Terrassengebühren: Warum Gastronomen in manchen Städten tausendmal mehr zahlen
Anna SchmittTerrassengebühren: Warum Gastronomen in manchen Städten tausendmal mehr zahlen
Eine neue Studie offenbart erhebliche Unterschiede bei den Terrassennutzungsgebühren in deutschen Städten. Die Kosten für Außenflächen in der Gastronomie variieren für gleich große Flächen zwischen nur 52 Euro und über 1.000 Euro. Fünf Kommunen erheben sogar überhaupt keine Gebühren – was Fragen nach Fairness und den wirtschaftlichen Auswirkungen aufwirft.
Die Analyse verglich die Gebührenordnungen von 24 Städten mit mehr als 20.000 Einwohnern. Die Forscher untersuchten die Kosten für ein Modellunternehmen: eine 25 Quadratmeter große Terrasse in zentraler Innenstadtlage, die während der Hauptsaison (Mai bis September, 153 Tage) betrieben wird. Im Durchschnitt belief sich die Gebühr auf 328 Euro.
Am günstigsten war Schönebeck mit nur 52 Euro für die gesamte Saison. Wernigerode hingegen führte die Liste mit 1.163 Euro an – ein starker Anstieg, der auf eine Änderung der Sondernutzungssatzung im Jahr 2023 zurückgeht. Seither wird für Terrassen auf dem zentralen Marktplatz ein Zuschlag fällig.
Ein Fünftel der untersuchten Städte – Merseburg, Sangerhausen, Köthen, Salzwedel und Lutherstadt Eisleben – erheben überhaupt keine Terrassennutzungsgebühren. Der Bund der Steuerzahler fordert nun die vollständige Abschaffung dieser Abgaben, da sie kaum ins Gewicht fielen: Die Einnahmen aus den Terrassengebühren machen in der Regel weniger als 0,05 Prozent des städtischen Haushalts aus. Die Organisation argumentiert, dass ein Verzicht auf die Gebühren die Außengastronomie stärken und die Innenstädte beleben würde.

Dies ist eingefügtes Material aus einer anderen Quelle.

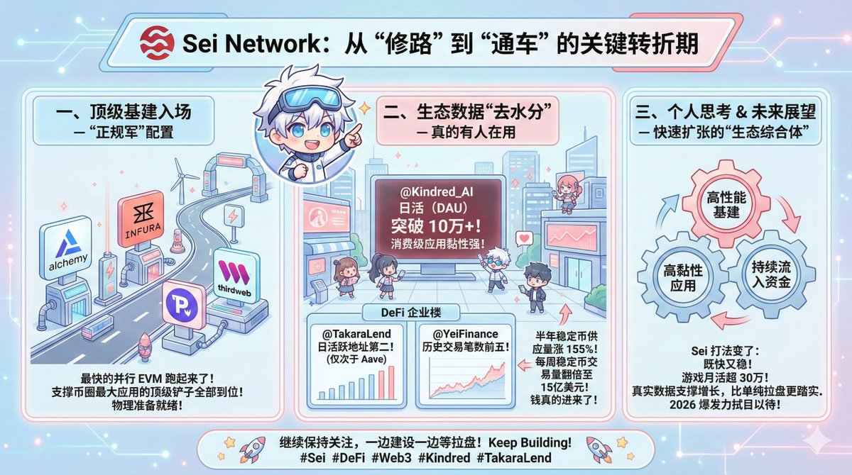 今天似乎安静了很多,刚好来复盘一下公链数据了,复盘期间发现 Sei @SeiNetwork的走势挺有意思的 不同于很多还在画大饼的链,Sei 给我的感觉是正在经历从“修路”到“通车”的关键转折期,有空的小伙伴可以停下脚步一起来看看: 今天我主要从基础设施(地基)和链上活跃度(人气)两个方面,和大家拆解一下现在的 Sei 到底走到哪一步了! 一、 顶级基建入场,这是“正规军”的配置 以前我们看新公链,最担心的就是开发工具不好用,开发者不愿意来,但最近 Sei 把这一块彻底补齐了 Alchemy、Infura、Privy、Thirdweb…… 熟悉开发的朋友都知道,这些名字意味着什么 Infura 是小狐狸钱包(MetaMask)背后的引擎 Alchemy 支撑着 OpenSea 和 World Chain 每年千亿美金的交易量 Privy(最近刚被 Stripe 收购)更是连接了 7500 万+ 的钱包用户 现在这些支撑着币圈最大应用的“顶级铲子”,全部都在 Sei 这个最快的并行 EVM 上跑起来了,这就好比把高速公路修好了,还配上了最好的加油站和服务区,为接下来的大规模应用爆发做好了物理准备,这也是大家理解了吧? 二、 生态数据“去水分”,是真的有人在用 基建再好,没人玩也是空城,但 Sei 最近的数据,说实话,挺硬核的,而且它不是靠某一个盘子死撑,而是多点开花: 消费级应用杀出来了: @Kindred_AI 的日活(DAU)已经突破 10 万+,注意是日活,不是月活,在 Web3 做消费级产品能有这个黏性,非常难得了吧? DeFi 正在追赶老大哥:@TakaraLend 现在的日活跃地址数已经是 EVM 借贷协议里的第二名了,仅次于 Aave,这个含金量大家可以细品一下,就不多说了 @YeiFinance 的历史交易笔数也冲到了 EVM 借贷协议的前五了,钱真的进来了,而且它的代币 $CLO 最近也是稳步上升! 最近半年,Sei 链上的 P2P 稳定币供应量涨了 155% 最近三个月,每周的稳定币交易量翻倍,达到了 15 亿美元 三、 我个人的一点思考,这波复盘下来,我的感觉是: Sei 的打法变了,以前可能大家觉得它快,现在它是在证明自己既快又稳 一方面用 Alchemy 和 Privy 这种顶级基建稳住开发者体验,另一方面通过游戏(11款游戏月活超30万)和 DeFi 的实际数据留住用户 高性能的基建 + 高黏性的应用 + 持续流入的资金,这三个齿轮一旦咬合起来,转动的速度会非常快 现在的 Sei,不再是单打独斗,而是一个正在快速扩张的“生态综合体”,对于我们这种看长线的玩家来说,这种有真实数据支撑的增长,比单纯的拉盘更让人踏实,币价只是时间问题,别全身心都在上面,一边建设一边等拉盘,这不好吗,哈哈哈 继续保持关注,看看 2026 它的爆发力吧!一起拭目以待! #Sei #DeFi #Web3 #Kindred #TakaraLend
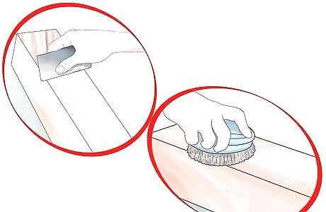 Scrape the entire surface with your scraper. You can use a stiff cleaning brush with natural bristles or a heavy cleaning sponge to strip wood finishes in grooved areas.

Die Studie berücksichtigte keine zusätzlichen Verwaltungskosten wie etwa Gebühren für die Antragsstellung.
Die Ergebnisse zeigen deutliche Unterschiede in der Behandlung von Außengastronomie durch die Kommunen. Während manche Städte keine Gebühren erheben, verlangen andere über 1.000 Euro – für Gastronomen bedeutet das ungleiche Wettbewerbsbedingungen. Ein Verzicht auf die Abgaben könnte die Betriebe finanziell entlasten, ohne die städtischen Haushalte spürbar zu belasten.